Photo: Matt Rainey/AdventHealth
Economic Backbone: Cancer Care
AdventHealth for Children in Orlando performs its first Chimeric Antigen Receptor (CAR) T-Cell Therapy
Last February, AdventHealth for Children in Orlando performed its first CAR T-cell therapy on a young patient with recurrent acute lymphoblastic leukemia (ALL). The patient had relapsed a year after receiving a bone marrow transplant. Nine months later, he’s still in remission. Dr. Susan Kelly, a pediatric hematologist and oncologist who treated that patient, explains how CAR T-cell therapy works, who can benefit and what they can expect.
How it Works: The first step in CAR T-cell therapy requires collecting blood from the patient through a process known as apheresis. “Blood comes out of the patient, it goes into a machine and it spins the blood and it can sort the layers of the blood and it can skim off the white blood cells and return the rest of the blood to the patient,” says Kelly.
The extracted T-cells are collected in a bag, frozen and sent to Novartis, which genetically engineers them to seek out and destroy the cancer. “They use parts of a virus that can let you put DNA into a cell, and that puts an antibody on the surface of the white blood cell that turns the T-cell from a regular old T-cell into a T-cell that can fight a target on the person’s leukemia,” Kelly says.
Before the souped-up cells are infused back into the bloodstream, the patient receives “a little chemotherapy” to dampen their immune system. “Your body’s natural response to your immune system dropping is to make a bunch of proteins that make blood cells grow,” Kelly says. “It tricks the body basically into making more of those (fighter) cells we made in the lab.”
Candidates for the Therapy: While CAR T-cell therapy is not currently a first-line treatment for patients, it provides an option for children with disease that persists despite traditional chemotherapy or for those who experience too many side effects from traditional chemotherapy. It can also serve as a sort of bridge therapy to get patients into remission so they can receive a bone marrow transplant. “It’s not replacing standard therapy right now for childhood leukemia, but it is an amazing option as part of a lot of other things we can do,” says Kelly.

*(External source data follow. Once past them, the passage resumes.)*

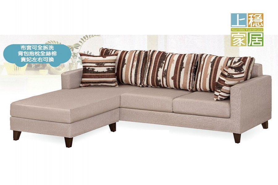 --條紋抱枕L型布沙發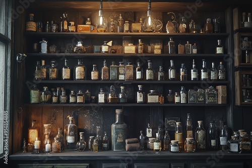 A nostalgic display of vintage glass bottles on a wooden shelf, perfect for enhancing interior decor with a classic touch.
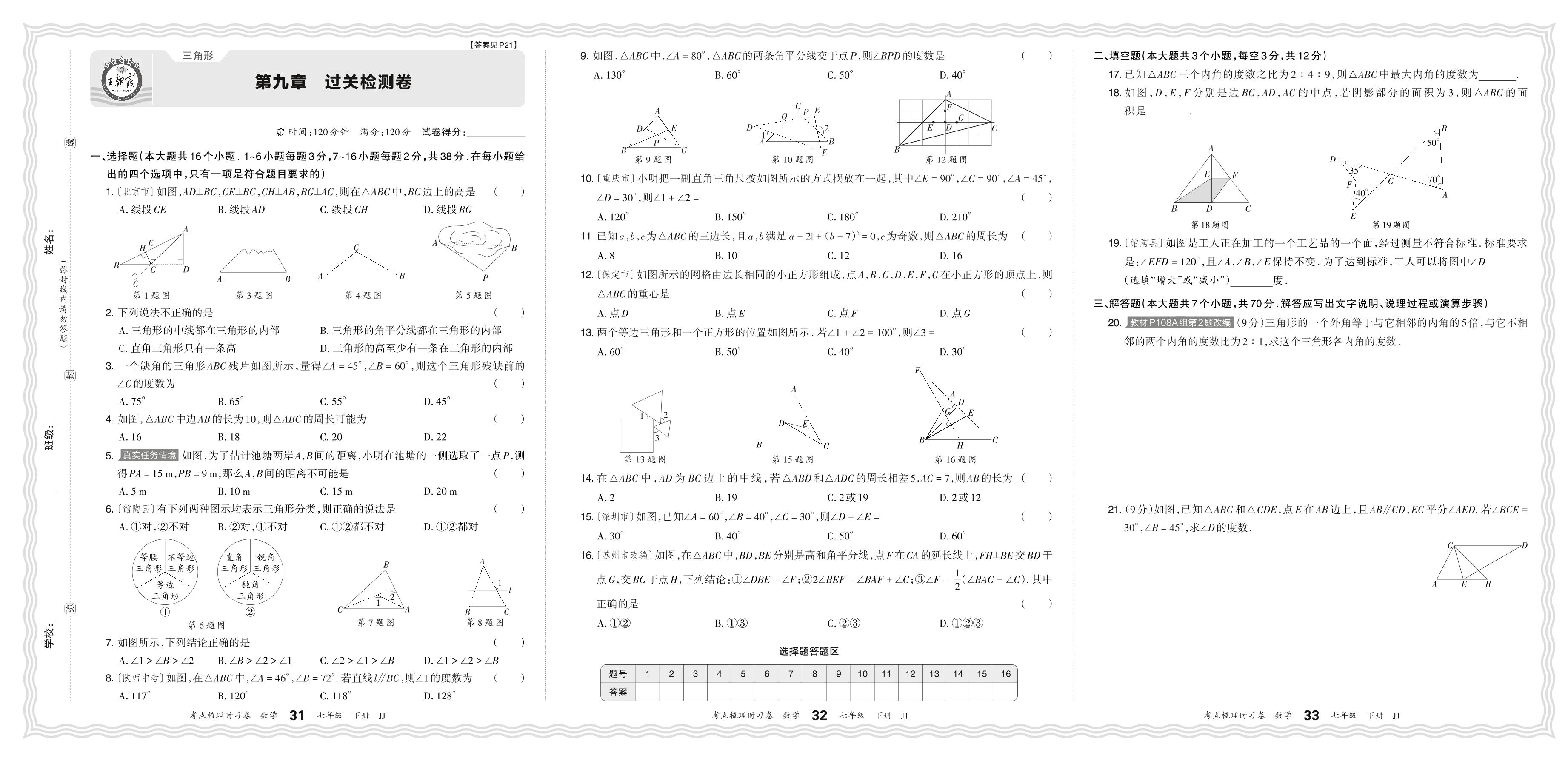 2024春下册七年级数学冀教版 第九章 过关检测卷

Side Effects: CAR T-cell therapy is easier on the organs than traditional cancer therapies, Kelly says, but it can cause acute toxicities. When the cells try to fight the leukemia, “they get very revved up” and can cause immune cytokine release syndrome, or CRS, “which basically is the immune system going over the top,” Kelly says. Some patients will experience blood pressure fluctuations or need oxygen — and because the cells can enter a person’s spinal fluid, some may become confused or sleepy. Fortunately, there are medicines that can be given to block CRS, without hindering the effectiveness of the CAR T-cells. “There are acute toxicities we see in the first week or two with patients. The more disease you have, the more likely we are to see those symptoms happen at the time the cells are given. Some can be severe and (patients) end up in the ICU, but most of those children recover fine from that. It’s just a brief period of time.”
Response Rates: Between 80% and 90% of all patients treated with CAR T-cell therapy have a sustained response, and approximately half will achieve a sustained remission of at least five years. “It’s a potential cure for some patients who didn’t respond to anything else. About half of them can be completely cured by this, and many others can go back into remission, be put on other therapies, or at least buy quality time,” says Kelly. “This is the only chance for many of these children, so even 50% is still a huge win.”